Atlantic City Reflections: John J. Degnan

 

Excerpts of the transcript of an interview with John J. Degnan (NJ Attorney General 1978-81; Counsel to Governor Byrne 1977; Executive Secretary to Governor 1976-77; Assistant Counsel to Governor 1973-76; 1981 Democratic gubernatorial primary candidate) conducted by Michael Aron for the Eagleton Center on the American Governor on April 5, 2006. The full interview is available in the Video Library.

 

Michael Aron: Any other issues you were active on in the first term that we haven’t discussed?….Atlantic City?

John Degnan: I was involved in the decision. I was not a big supporter of casinos in Atlantic City personally. I didn’t believe it was an appropriate way to revitalize the city. Had several discussions with the governor about it. It was obvious to me he had strong feelings that gambling was not quite as bad an activity as I thought it was. He used to use the analogy all the time of trading the stock options or stock and isn’t that a form of legalized betting, talked about the frustration he had as a prosecutor trying to wipe out the numbers within reality. There was no way you were going to wipe out people’s wanting to have some fun and taking a bet against a better future even if you wished that they had applied those efforts to more practical—

Q: These are his thoughts?

John Degnan: These are his thoughts. He never convinced me but what he did convince me was that he was going there and he was the governor and he was elected so if he was going there I was going to go there. I didn’t play a role–I played a role in the development of the legislation and the language for the constitutional amendment but there was a group of people, I think Bob Martinez [deputy attorney general] in the AG’s office headed that up, and Al Luciani [deputy attorney general] and very knowledgeable guys and I was convinced if we had to do it they were doing it the right way. So I played a role in those and I went to the meetings but I- since I wasn’t a champion of the initiative I didn’t play a dominant role in it.

**************

[discussing 1977 gubernatorial campaign issues contributing to Byrne re-election victory over Senator Raymond Bateman, including controversy over Joseph Lordi, Byrne appointee as chair of Casino Control Commission]

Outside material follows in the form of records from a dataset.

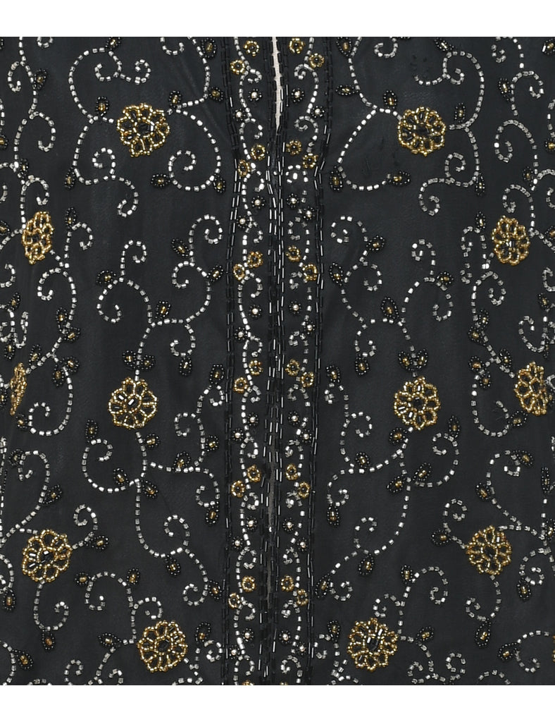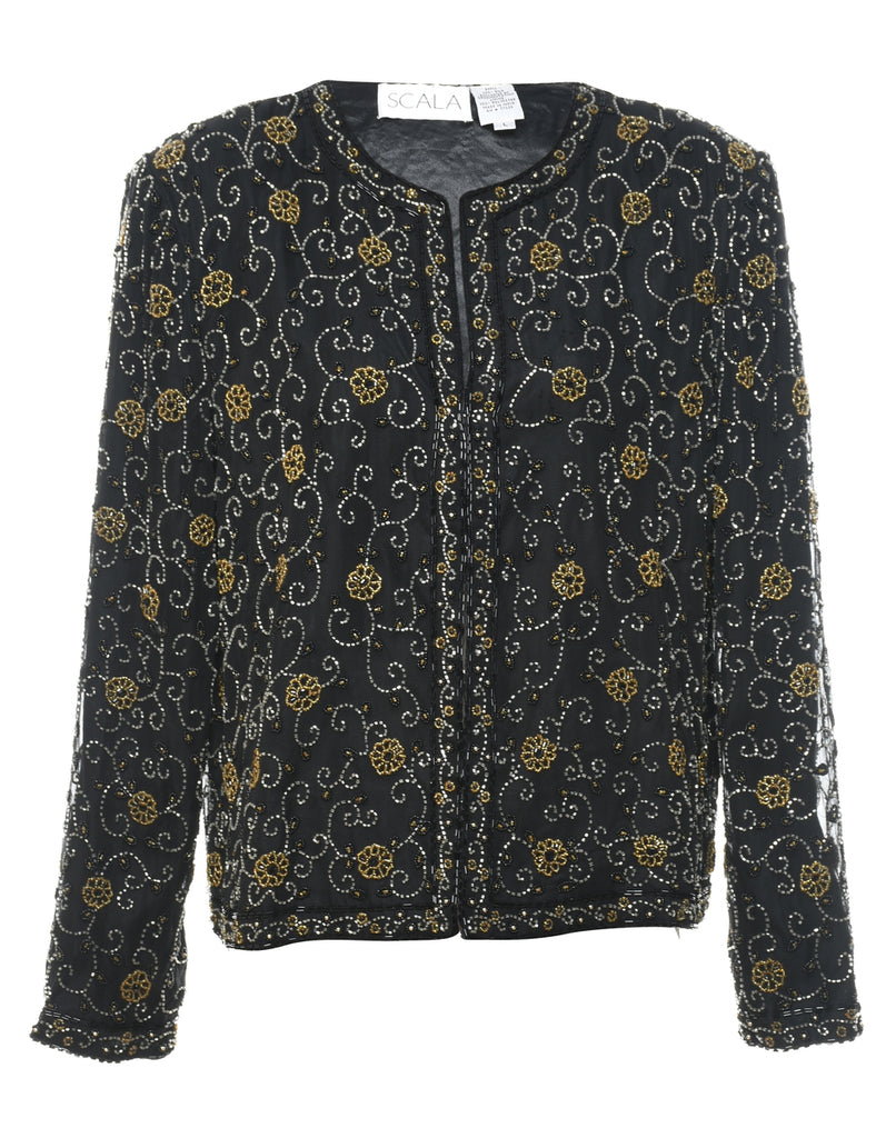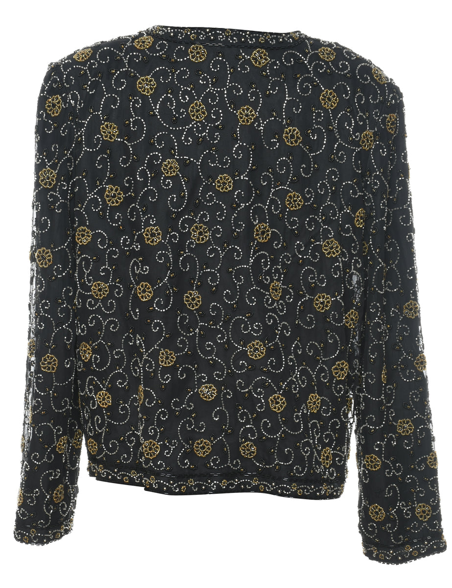 Beaded Black & Yellow Floral Silk Evening Jacket - L
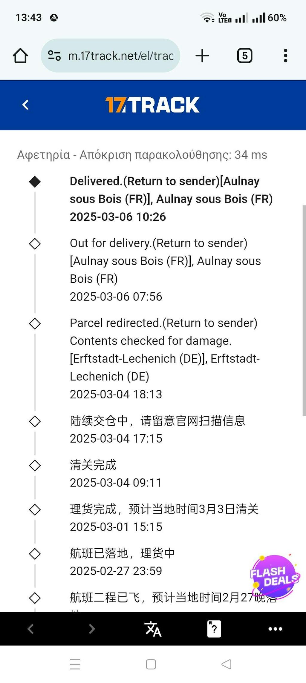 At 4/03/2025 received a message from 17track service that my parcel is being redirected and returning to seller. At 6/03/2025 the seller received my parcel and I asked them what will happen from now on. Today, 10/03/2025 they still say that they wait for the logistics service to reply.
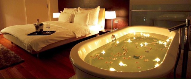 Par ailleurs et nonobstant le luxe apparent, je suis tout à fait sceptique – une vraie sceptique, oui – quant aux bougies odorantes flottant dans la baignoire. Fut-elle XXL – la baignoire, oui. C’est un coup à se brûler à un endroit bien placé et voilà la pièce parfumée autrement qu’au jasmin patchoulisé.
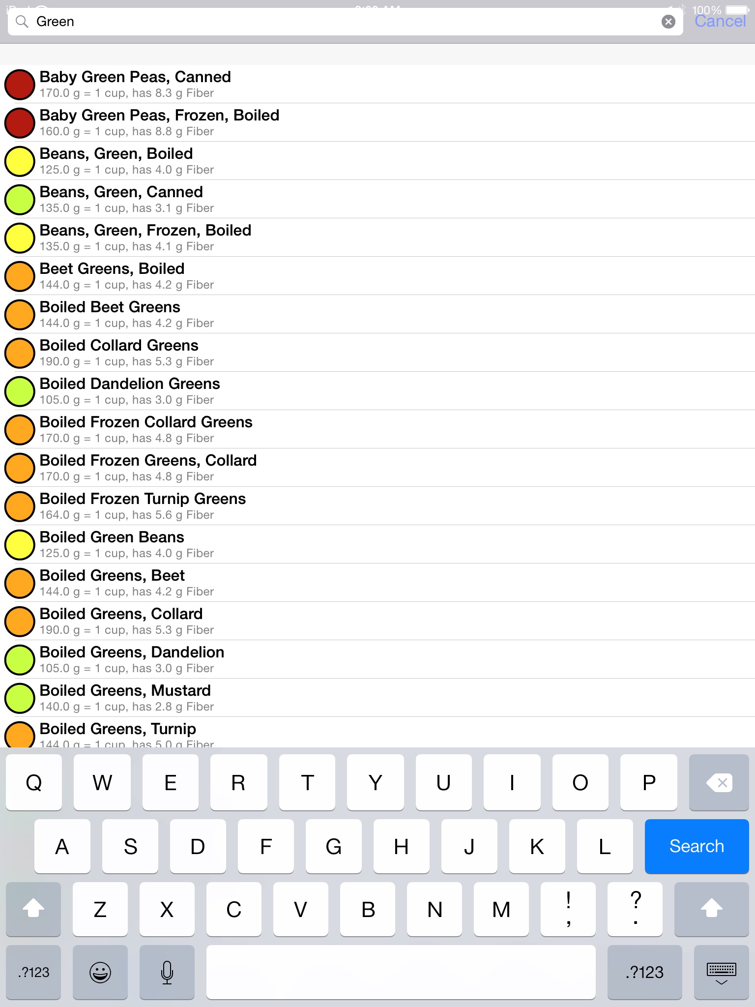 The iFiber app provides information about foods and how they are rated for content of fiber. This is provided as a means to assist in deciding which foods to eat. The food servings are rated from EXTREMELY LOW in fiber all the way up to EXTREMELY HIGH. The following colors help readily identify which is which:
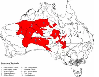 - ^ "Deserts". Geoscience Australia. Australian Government. 15 May 2014. Retrieved 13 August 2018.
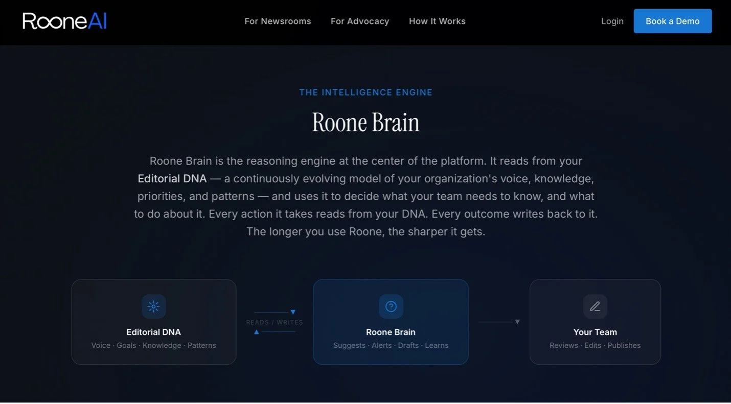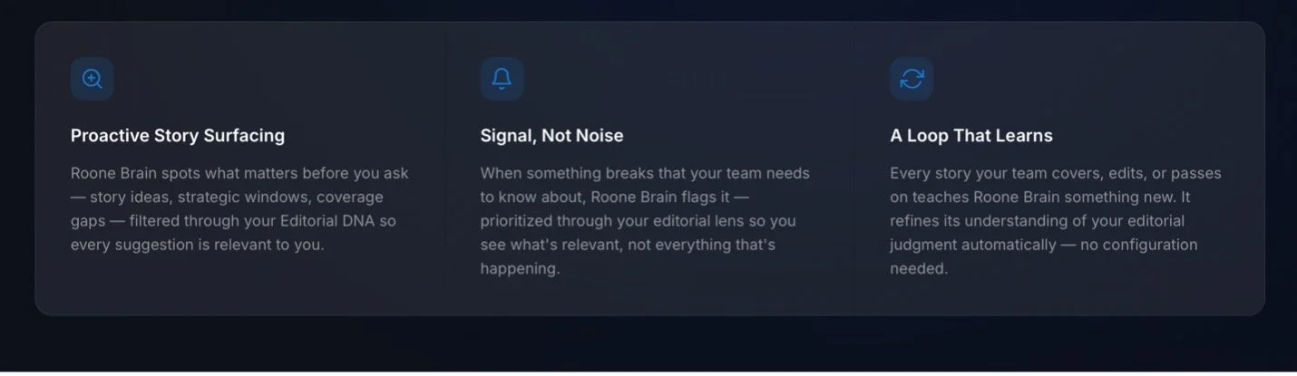 RooneAI isn’t software you simply log into—it’s communications infrastructure we build with you. Named for legendary ABC executive Roone Arledge, who transformed how audiences experience news and television, RooneAI is an end-to-end system designed to help organizations scale their communications without adding staff.
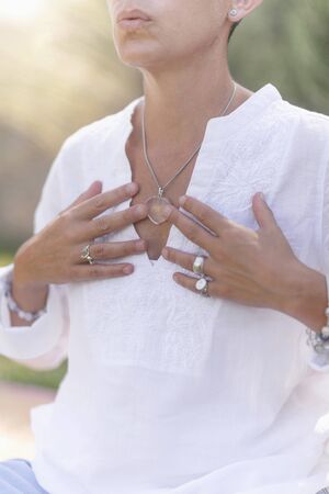 Female hands in prayer position outdoor. Self-care practice for wellbeing
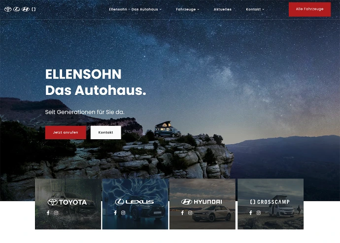 Relaunch der Webservices und Webkommunikation für das Autohaus Ellensohn mit fünf Standorten in Vorarlberg und Tirol.
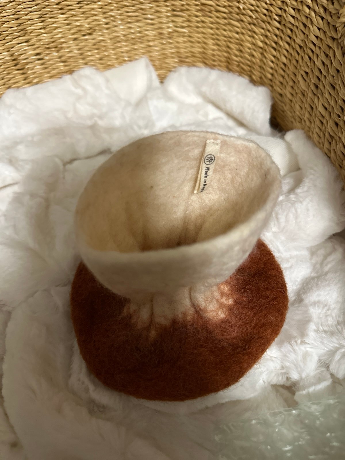 The woodland friends modeled this hat off of the mighty chanterelle, which is one of their favorite varieties of mushroom. Jeremy Owl tells us that wearing it gives him great foraging confidence, and also keeps his ear feathers nice and warm. It is made from wool felt in a rich auburn color that fades beautifully into ivory at the base. The snug fit and the felt’s naturally grippy texture helps this hat stay put on most animal’s heads, though we probably wouldn’t recommend it for toads. Handmade with a traditional wet-felting technique by our artisan partners in Nepal. Sublime!
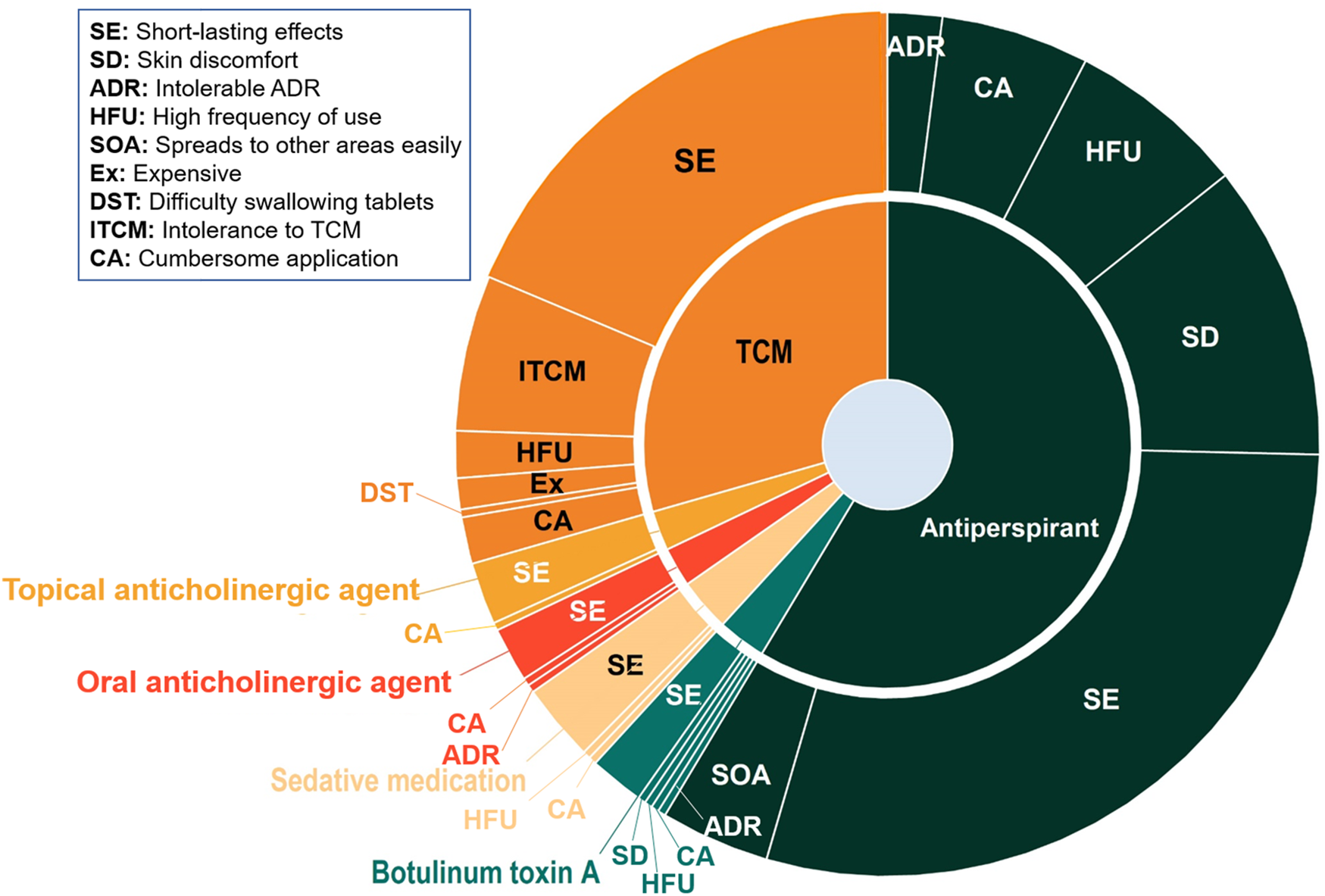 Building on prior medication experiences, patients identified short-lasting effects as the primary drawback of antiperspirants. Skin discomfort following topical application was another significant concern. For TCM, a considerable proportion of users reported difficulty tolerating its characteristic flavor. These findings underscore that efficacy, durability, convenience, and comfort are critical determinants of treatment decisions, highlighting the need for healthcare quality improvements that prioritize patient-reported experiences and tolerability (Mansfield et al., 2019).
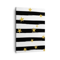 Bild auf Leinwand - Leinwandbild - Schwarz-weiße Streifen mit goldenen Sternen - 50x70cm - Wir wurden alle unter einem glücklichen Stern geboren - Moderne Wanddekoration für Wohnzimmer und Schlafzimmer ARTTOR
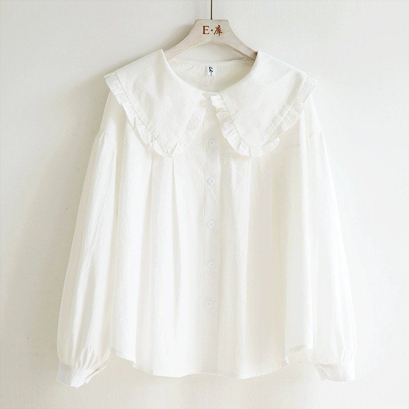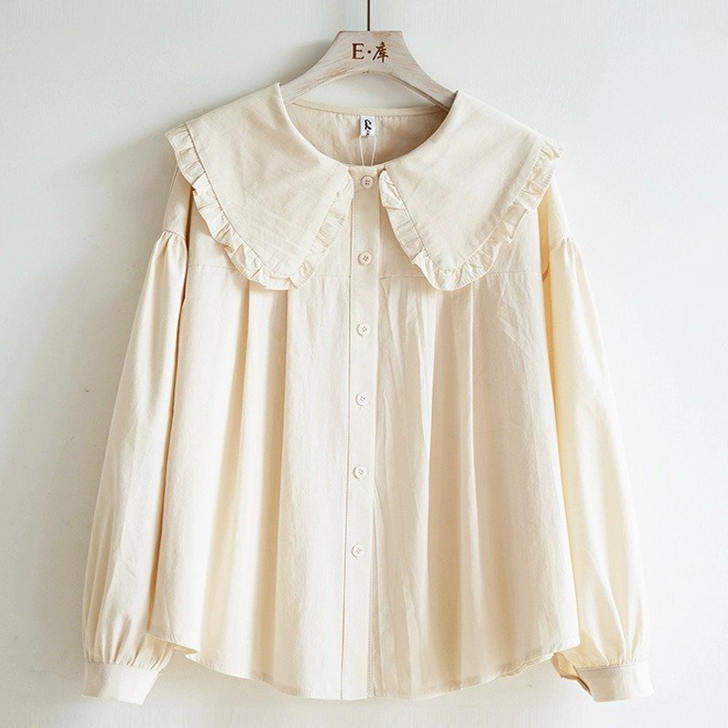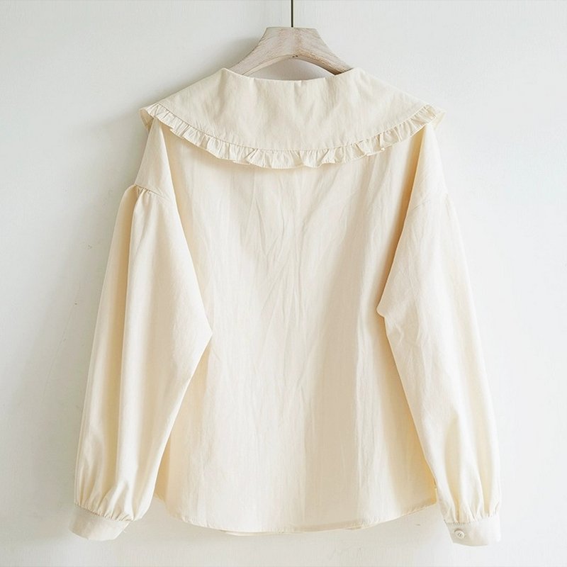 Girls Fashion Casual Solid Color Ruffled Lapel Long Sleeve Blouse
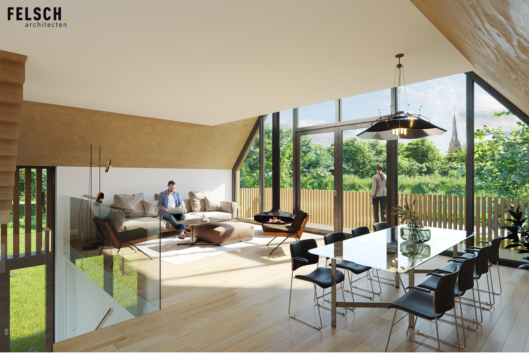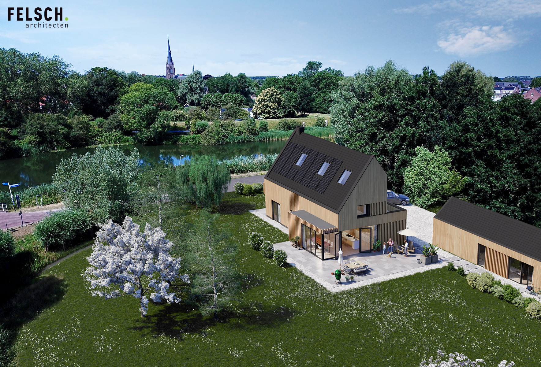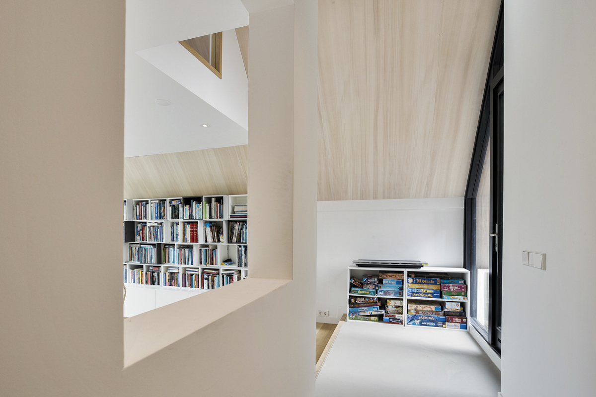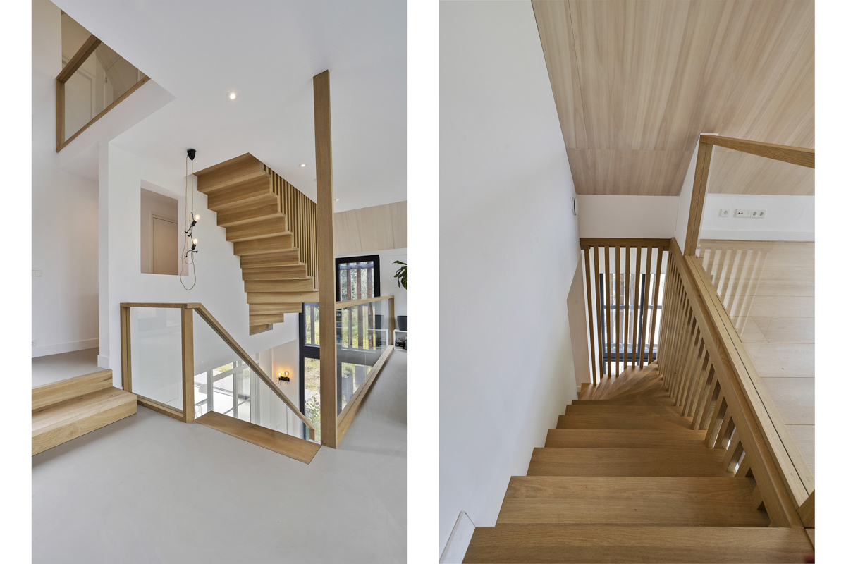 Voor een jong gezin hebben wij een duurzaam woonhuis aan de rivier de Vecht ontworpen. Het ruime kavel bevindt zich achter een dijk aan de rivier waardoor het iets lager ligt dan de Vecht. Om maximaal van de kwaliteit van de locatie gebruik te maken is de woonkamer op de eerste verdieping geplaatst met een schitterend uitzicht over de Vecht en het bastion van Weesp. De woonkeuken is juist aan het landje op de begane grond gelegd om van de tuin te genieten. De open vides bij de trappartij geeft een mooie ruimtelijke ervaring en verbinding tussen deze twee leefruimten. Dit wordt door het split level nog verder versterkt.

John Degnan: . . . I think I probably was wrong in my judgment about this. There was a- state police conducted four way on a guy named Joe Lordi who was a very talented prosecutor in Essex County, followed Brendan Byrne as prosecutor I think. And Joe had been appointed as chairman of the Casino Control Commission. And yet Joe had grown up in Newark . And so, I don’t think in his generation you grew up in Newark without rubbing elbows with some people who later became criminals, and the four way had some unflattering details about that. Byrne knew this guy very well, had worked with him in the prosecutor’s office, you know, knew his values and his integrity, and appointed him, notwithstanding the four way. The state police, though, leaked the four way. There are certain state police officers leaked the four way to the Republican campaign we learned later, to a certainty. And it was released by them to the press. And because at that point Byrne was sort of Mr. Integrity in Atlantic City, and had made very strong public statements about keeping the mob out of Atlantic City, we thought it might be a fatal blow. The knowledge that he had appointed the Casino Control Commissioner who had some of these peccadilloes in his background ,and they weren’t into more than that. In reality, that turned out to be- it mobilized the Italian/American community in New Jersey like I’ve never seen before. To defend Joe Lordi and to extol the merits of Brendan Byrne who would appoint a guy he knew to be honest, not withstanding some hearsay information in the state police report that he might not be. It fed into the image of a guy who had integrity who would make the right decision rather than a political decision. Those three things, the quality of Byrne as a candidate, the Bateman-Simon plan, and to a lesser degree, this Republican tactical mistake of leaking the four way, began to change the momentum. So by mid September, maybe late September early October, we really could sense that we had a chance.